Interesting observation: thank you for your diligence and I await clarification from the researchers. In my view, treatment of tropical diseases is important, but the number of people affected by Schistosoma
is far lower than those affected by malaria. Therefore, I devote more of my computing resources to malaria research.

The affirmation is correct. Our Project searching drugs for S. mansoni, because S. mansoni is endemic in Brazil. But drugs for S. mansoni is used for other schistosoma parasites.
Malaria is worse Neglected Tropical Diseases, but schistomose is the second.

That the need for discovery and development of drugs against schistosomiasis and food-borne trematodiasis is a pressing one is justified on the following grounds. Firstly, no vaccines are presently available for the prevention of these diseases and the tasks ahead and resources required for developing effective vaccines are substantial. Secondly, there are operational challenges and resource constraints regarding the implementation of other preventive measures such as access to clean water and adequate sanitation. Thirdly, changing human behaviour (e.g., avoiding water contact to prevent schistosome transmission and properly cooking aquatic products to avoid food-borne trematode infections) is difficult. Hence, the use of safe and efficacious drugs is the key strategy for individual treatment and community-based morbidity control of schistosomiasis and food-borne trematodiasis.
At present, however, few drugs are available for the treatment and control of trematode infections. In the case of schistosomiasis, praziquantel is virtually the only drug left to treat infected patients and, thus, prevent morbidity.

Currently, oxaminiquine and praziquantel are the drugs used for the treatment of schistosomiasis, yet both have limitations such as low efficacy in the treatment of acute schistosomiasis, low activity on S. mansoni in the immature and treatments fail due to the occurrence of resistance or tolerance.

Thanks again for you help.

OT: misled is correct. Per American Heritage Dictionary:

mis·led (ms-ld)
v.
Past tense and past participle of mislead.

Cheers

Hi Matt,

Most infections are caused by Schistosoma mansoni, S. haematobium or S. japonicum, with two other species (S. intercalatum and S. mekongi) contributing less to the case load.
Current treatment is based mainly on a single drug, praziquantel, which was introduced over 25 years ago. Praziquantel is safe, well tolerated and effective as a single-dose treatment. However, treatment failures have been reported, and it is likely that increasing resistance of parasites to the drug accounts for some of these cases.
Oxamniquine can be used as an alternative anti-schistosomal drug, but it is not effective against S. haematobium. Repeated infection induces some degree of immunity to the parasite in humans, so na effective vaccine could offer a promising alternative to chemotherapy or be used in conjunction with it,36 but so far no such vaccine is available.

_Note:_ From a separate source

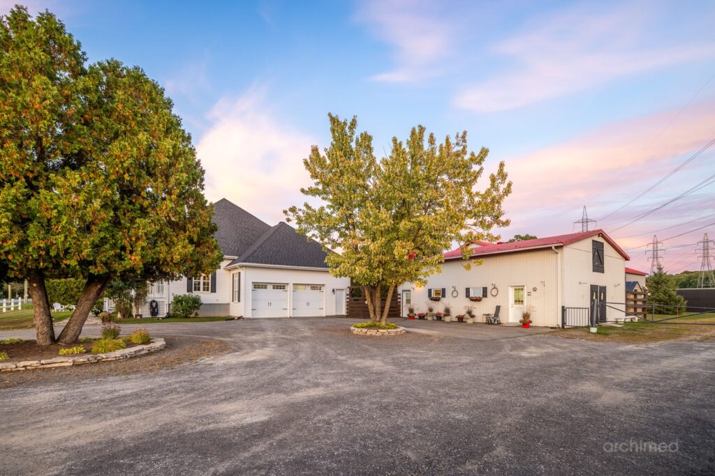 Domaine equestre a Saint Benoit Mirabel Ce domaine equestre situe a Saint Benoit Mirabel nest pas un centre de pension ni une ferme fonctionnelle Cest une propriete rare qui conjugue le confort dune maison de prestige et la qualite dinstallations equestres completes La maison principale Avec pres de 4500 pi2 habitables hors garage la residence adopte une architecture dinspiration neo classique Le sejour principal avec ses plafonds de 13 pieds offre une impression despace et de lumiere qui conferent au quotidien une atmosphere noble et apaisante A linterieur un loft integre type 4 et demi a ete concu pour accueillir des membres de la famille des invites ou du personnel Ce nest pas un logement locatif mais un espace pense pour lautonomie et le confort Les installations equestres Ecuries 21 stalles spacieuses avec douche pour chevaux et finitions de haut niveau Manege interieur chauffe et eclaire 7200 pi2 utilisables en toute saison Manege exterieur eclaire pour profiter des longues soirees dete Nombreux paturages et enclos paddocks offrant liberte et securite aux chevaux Appartement du palefrenier 900 pi2 pour assurer une presence permanente et attentive Salle de conference un espace atypique au service des projets et des rencontres Deux garages et plusieurs espaces dentreposage pour le foin le bois la ripe et lequipement dentretien Un lieu marque par son histoire Ce domaine a deja accueilli un projet equestre destine a des enfants differents rappelant le lien profond entre le cheval et lhumain lorsquil est respecte et accompagne avec soin Aujourdhui il se prete a une utilisation personnelle et privee ideal pour un proprietaire qui souhaite vivre pleinement sa passion avec ses propres chevaux dans un cadre raffine La particularite La plupart des proprietes equestres sont accompagnees de maisons de type fermette simples et pratiques Ici la maison est elle meme un element de luxe rarement associe a ce type de domaine Cest cette combinaison demeure dexception et installations equestres de haut niveau qui fait de ce lieu une opportunite unique Le cadre Saint Benoit Mirabel Situe dans les Laurentides a environ 57 km de Montreal le domaine beneficie dun environnement agricole calme et dun acces rapide aux autoroutes 15 50 et 13 facilitant les deplacements vers Montreal Laval lOutaouais et les grands axes du Quebec La region ouvre aussi directement sur les Laurentides repute pour leurs stations de ski leurs lacs et leur culture de villegiature quatre saisons Le Parc national dOka labbaye et ses sentiers ainsi quun vaste reseau dactivites de plein air renforcent lattrait dun lieu qui conjugue nature sport et serenite Saint Benoit conserve en outre une identite locale forte heritee de son histoire agricole et de son passe lie aux PatriotesDomaine équestre à Saint-Benoit Mirabel Ce domaine équestre situé à Saint-Benoit Mirabel n’est pas un centre de pension ni une ferme fonctionnelle c’est une propriété rare qui conjugue le confort d’une maison de prestige et la qualité d’installations équestres complètes.

The search for potential drug targets has been facilitated and stimulated by the availability of the genome sequence for two schistosomes (Berriman et al. 2009, The Schistosoma japonicum Genome Sequencing and Functional Analysis Consortium 2009). The search for schistosome-specific molecules in vital pathways would in theory permit the development of drugs with no adverse effect on the host.

The drug has a significant action against taenia¬sis, cysticercosis and different species of Schistosoma including: hematobium, mansoni, japonicum, mecongi and intercalatum, as shown in preliminary studies by Davis and Wegner (1979), Ishisaki et al. (1979) and Katz et al. (1979), among others. It has been commercialised in Brazil by Merck under the names Cestox® and Cisticid® and under the generic name Praziquantel.